|ARTIFICIAL INTELLIGENCE|LLMs|FINE-TUNING|

"Knowledge has to be improved, challenged, and increased constantly, or it vanishes." — Peter Drucker "Learning without thinking is useless. Thinking without learning is dangerous." ― Confucius

Large Language Models (LLMs) are trained on huge text corpora where they acquire a large amount of factual knowledge. This knowledge is embedded in their parameters and can then be used when needed. The knowledge of these models is "crystallized" at the end of the training. At the end of pretraining, the model in fact stops learning.

Thereafter, the model can be aligned or undergo instruction tuning to learn how to make the best use of this knowledge and how to respond more naturally to a user's questions.
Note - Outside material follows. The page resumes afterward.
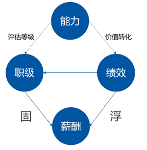 能力的評(píng)估結(jié)果體現(xiàn)為職級(jí),能力的價(jià)值轉(zhuǎn)化體現(xiàn)為績(jī)效。我們根據(jù)能力等級(jí)定薪,通常體現(xiàn)為固定薪酬和目標(biāo)薪酬;為價(jià)值創(chuàng)造付薪,通常體現(xiàn)為浮動(dòng)薪酬和實(shí)際薪酬。這就是我們?nèi)温氋Y格、績(jī)效管理、薪酬管理三大體系之間的關(guān)系。

Sometimes model knowledge is not enough, though, because this question is generalist and not tailored to the domain of interest. Although the model can access external memory through RAG, adapting the model to a new domain through fine-tuning is considered beneficial. Typically, this fine-tuning is conducted using inputs created by human annotators or other LLMs. During this phase, the model encounters additional factual knowledge and integrates it into its parameters.

How does the model integrate this new additional knowledge?
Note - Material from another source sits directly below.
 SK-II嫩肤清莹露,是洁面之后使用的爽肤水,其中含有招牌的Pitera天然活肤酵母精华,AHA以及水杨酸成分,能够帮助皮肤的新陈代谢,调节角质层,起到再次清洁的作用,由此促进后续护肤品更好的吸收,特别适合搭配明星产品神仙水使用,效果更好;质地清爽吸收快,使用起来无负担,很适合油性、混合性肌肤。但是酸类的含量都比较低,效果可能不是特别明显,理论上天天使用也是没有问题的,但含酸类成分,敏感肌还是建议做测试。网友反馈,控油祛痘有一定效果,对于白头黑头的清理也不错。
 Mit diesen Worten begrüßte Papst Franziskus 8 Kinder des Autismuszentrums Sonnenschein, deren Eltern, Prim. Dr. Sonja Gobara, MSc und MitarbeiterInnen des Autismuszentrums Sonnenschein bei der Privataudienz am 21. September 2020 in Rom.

In fact, at the mechanistic level we do not really know how this interaction takes place. Moreover, according to some, exposure to this new knowledge may lead the model to hallucinate. This is because the model is trained to generate facts that are not, however, grounded in its pre-existing knowledge (or may conflict with the model's prior knowledge). Moreover, as seen earlier models can struggle with rare knowledge (e.g., entities that are less frequent in the pretraining corpus).

How does fine-tuning affect a LLM?
image source: here

Therefore, a recently published study was concerned with analyzing what happens when a model is presented with new knowledge by fine-tuning.

The authors investigated in detail what happens with a model that goes through fine-tuning and what happens to its responses after it acquires new knowledge.

To begin with, they tried to classify at the knowledge level for an example after fine-tuning. A new example inherently has knowledge that may not be consistent with that of the model. An example can be known or unknown. Even if known it might appear to hold to highly known, maybe known, or weakly known knowledge.

How does fine-tuning affect a LLM?
image source: here

The authors then took a model (PaLM 2-M) and fine-tuned it with this dataset. Each example for fine-tuning is structured as factual knowledge (subject, relation, object). This is to allow the model to query this knowledge with specific questions specific triplet (e.g., "Where is Paris located?") and the ground-truth answer (e.g., "France"). In other words, they provide the model with some new knowledge and then restructure these triplets into questions (question-answering pairs) to test its knowledge. They divided all these examples into the categories discussed above and then evaluated the answer.

The authors conducted fine-tuning of the model and then decided to test for hallucinations. For them, a high percentage of unknown facts leads to performance degradation (and this is not compensated by a longer fine-tuning time).

How does fine-tuning affect a LLM?
image source: here

In fact, training for multiple epochs seems to have a deleterious effect. In fact, previous studies showed that more epochs led to performance degradation (maybe leading to overfitting). For the authors, this effect is increased with a high unknown fact percentage.

For the authors, unknown facts have an almost neutral effect at low numbers of epochs but harm performance with more epochs. It thus appears that Unknown examples are harmful, but their negative effect is mostly materialized in later training stages. The authors then study the dynamics of fitting the examples. The figure presents the training accuracy of the Known and Unknown subsets of dataset examples as a function of the fine-tuning duration. It is seen that the model learns the unknown examples at a late stage.

Lastly, since Unknown examples are the ones that are likely to introduce new factual knowledge, their significantly slow fitting rate suggests that LLMs struggle to acquire new factual knowledge through fine-tuning, instead they learn to expose their preexisting knowledge using the Known examples. (source)

How does fine-tuning affect a LLM?
image source: here

The authors question whether this relationship between accuracy, and known and unknown examples can be quantified and whether it is linear. The result would show that there is a strong linear relationship that unknown examples hurt performance, while known ones improve it, almost as strongly (the associated coefficients in this linear regression are moto close).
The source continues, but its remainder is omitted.